After World War II, amateur radio operators in the United States started to receive obsolete but usable Teletype Model 26 equipment from commercial operators with the understanding that this equipment would not be used for or returned to commercial service. US Amateur Radio operation began on 2 meters using audio frequency shift keying (AFSK). Operation on 80 meters, 40 meters and the other High Frequency (HF) amateur radio bands was initially accomplished using make and break keying since frequency shift keying (FSK) was not yet authorized. In early 1949, the first transcontinental two-way RTTY QSO was accomplished on 11 meters using AFSK between W1AW and W6PSW.[10] FSK continued to remain off-limits on HF until February, 1953 when the FCC amended Part 12 of the Regulations. The amended Regulations permitted FSK in the non-voice parts of the 80, 40 and 20 meter bands and also specified the use of single channel 60 words-per-minute five unit code corresponding to ITA2. A shift of 850 hertz plus or minus 50 hertz was specified. Amateur Radio operators also had to identify their station callsign at the beginning and the end of each transmission and at ten minute intervals using International Morse Code. Use of this wide shift proved to be a problem for Amateur Radio operations. Commercial operators had already discovered that narrow shift worked best on the HF bands. After investigation and a petition to the FCC, Part 12 was amended, in March 1956, to allow Amateur Radio Operators to use any shift that was less than 900 hertz.

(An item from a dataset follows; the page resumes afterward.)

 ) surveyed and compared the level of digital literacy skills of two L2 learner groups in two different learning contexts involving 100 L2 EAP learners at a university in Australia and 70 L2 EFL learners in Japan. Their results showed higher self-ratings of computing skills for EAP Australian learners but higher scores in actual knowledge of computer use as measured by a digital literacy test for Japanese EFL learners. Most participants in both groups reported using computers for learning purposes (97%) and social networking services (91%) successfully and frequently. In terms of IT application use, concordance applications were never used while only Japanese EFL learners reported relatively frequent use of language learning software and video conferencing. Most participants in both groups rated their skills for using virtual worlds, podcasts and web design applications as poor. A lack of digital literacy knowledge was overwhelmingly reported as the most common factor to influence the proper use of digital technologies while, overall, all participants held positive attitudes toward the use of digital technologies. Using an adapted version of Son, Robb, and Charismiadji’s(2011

By the late 1950s, Amateur Radio operators outside of Canada and the United States began to acquire surplus teleprinter and receive permission to get on the air. The first recorded RTTY QSO in the UK occurred in September 1959 between G2UK and G3CQE. A few weeks later, G3CQE had the first G/VE RTTY QSO with VE7KX.[11] This was quickly followed up by G3CQE QSOs with VK3KF and ZL3HJ.[12] Information on how to acquire surplus teleprinter equipment continued to spread and before long it was possible to work all continents on RTTY.

Amateur Radio operators used various equipment designs to get on the air using RTTY in the 1950s and 1960s. Amateurs used their existing receivers for RTTY operation but needed to add a terminal unit, sometimes called a demodulator, to convert the received audio signals to DC signals for the teleprinter.

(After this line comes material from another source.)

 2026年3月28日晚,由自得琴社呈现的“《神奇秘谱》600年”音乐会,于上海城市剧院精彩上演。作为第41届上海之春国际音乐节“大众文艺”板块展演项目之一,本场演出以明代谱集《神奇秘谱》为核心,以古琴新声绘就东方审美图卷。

Most of the terminal unit equipment used for receiving RTTY signals was homebuilt, using designs published in amateur radio publications. These original designs can be divided into two classes of terminal units: audio-type and intermediate frequency converters. The audio-type converters proved to be more popular with amateur radio operators. The Twin City, W2JAV and W2PAT designs are examples of typical terminal units that were used into the middle 1960s. The late 1960s and early 1970s saw the emergence of terminal units designed by W6FFC, such as the TT/L-2, ST-3, ST-5, and ST-6. These designs were first published in RTTY Journal starting in September 1967 and ending in 1970.

Amateur Radio operators needed to modify their transmitters to allow for HF RTTY operation. This was accomplished by adding a frequency shift keyer that used a diode to switch a capacitor in and out of the circuit, shifting the transmitter’s frequency in synchronism with the teleprinter signal changing from mark to space to mark. A very stable transmitter was required for RTTY. The typical frequency multiplication type transmitter that was popular in the 1950s and 1960s would be relatively stable on 80 meters but become progressively less stable on 40 meters, 20 meters and 15 meters. By the middle 1960s, transmitter designs were updated using a crystal-controlled high frequency oscillator, and variable low frequency oscillator resulting in frequency stability across all Amateur Radio HF bands.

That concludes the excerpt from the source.